The viability of cultured cells was assayed by using commercial Alamar Blue assay (Invitrogen, Milan, Italy) following producer indications. The dye was added after 18 h of incubation of the cells with the samples and fluorescence measured after 4 h by using a plate fluorometer (Victor Wallac Multilabel Counter 1420, Perkin-Elmer Italia S.p.A, Monza, Italy). Cytotoxicity was expressed as effective dose 50% (ED50).

4. Conclusions

In summary, in the present communication we have reported for the first time the isolation and structural elucidation of the main phytocomponents of Amygdalus lycioides Spach branchelets and the identification of (S)-naringenin as TNFα inhibitor. Indeed, the dose dependent activity of (S)-naringenin exerted in vitro at non-cytotoxic concentrations as well as its in vivo efficacy suggest that this small molecule could represent a useful pharmacological tool in inflammatory conditions associated with increased TNFα production. Whether this activity is specific for TNFα or may be also extended to other pro-inflammatory cytokines, such as IL-1β and IL-6, should be investigated with ad hoc new studies.

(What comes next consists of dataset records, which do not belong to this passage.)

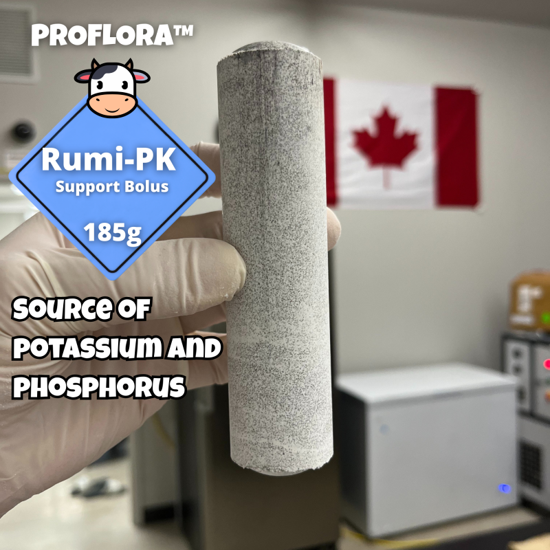 ProFlora™ Rumi-PK Bolus is a 185 g oral bolus designed to support fresh cows during the critical post-calving period. It provides targeted supplementation of phosphorus and potassium—two essential minerals that play a key role in metabolic recovery, maintaining feed intake, and supporting overall performance after calving.
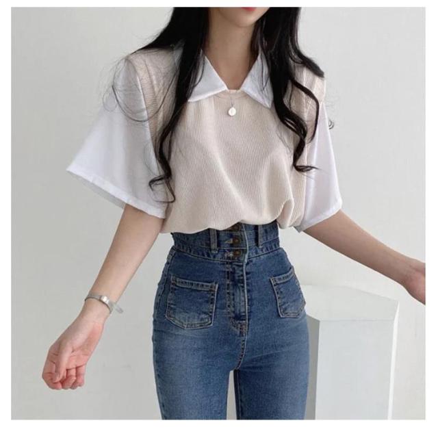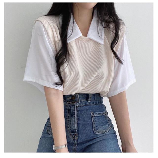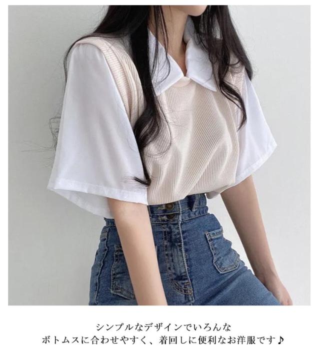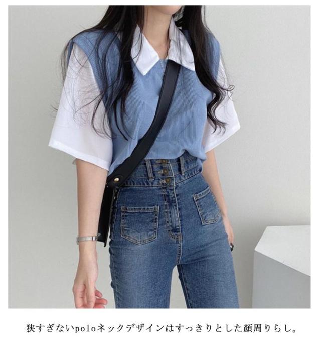 | ブラウスにベストを重ねた形のフェイクツーピースのトップス。 狭すぎないpoloネックデザインはすっきりとした顔周りらし。 レイヤード風のドッキング設計はカジュアルスタイルにぴったり。 余裕を持つシルエットも動きやすい。 通学・普段着はもちろん、部屋着としても快適にお使いいただけます。 シンプルなデザインでいろんなボトムスに合わせやすく、着回しに便利なお洋服です♪ | |
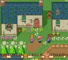 The three main characters do not have names in the original SNES release, though their names appear in the manual of the Japanese release; their names were added into the game in the iOS port worldwide. In all versions, the player can choose to name the characters whatever they wish. The hero (ランディ, Randi),[12] a young boy, is adopted by the Elder of Potos before the start of the game, after the boy's mother disappears. The girl (プリム, Primm)[12] is in love with a warrior named Dyluck, who was ordered by the king to attack Elinee's Castle. Angered by the king's actions and by her father's attempt to arrange her marriage to a local nobleman, she leaves the castle to save Dyluck and to accompany the hero as well.[13] The hero meets a sprite child (ポポイ, Popoi)[12] at the Dwarf Village. The sprite lives with a dwarf and goes with the characters to learn more about their family. It does not remember anything about its past, so it joins the team to try to recover its memories.[14]

Although our preliminary results indicate that (S)-naringenin is orally active in our in vivo model of systemic inflammation, additional experiments are needed to evaluate its dose-response as well as its pharmacokinetic profile. Moreover, results on the pharmacological profile of (2R,3R)-taxifolin, (2R,3R)-aromadendrin and (S)-5,7,3',5'-tetrahydroxyflavanone will be reported in due course.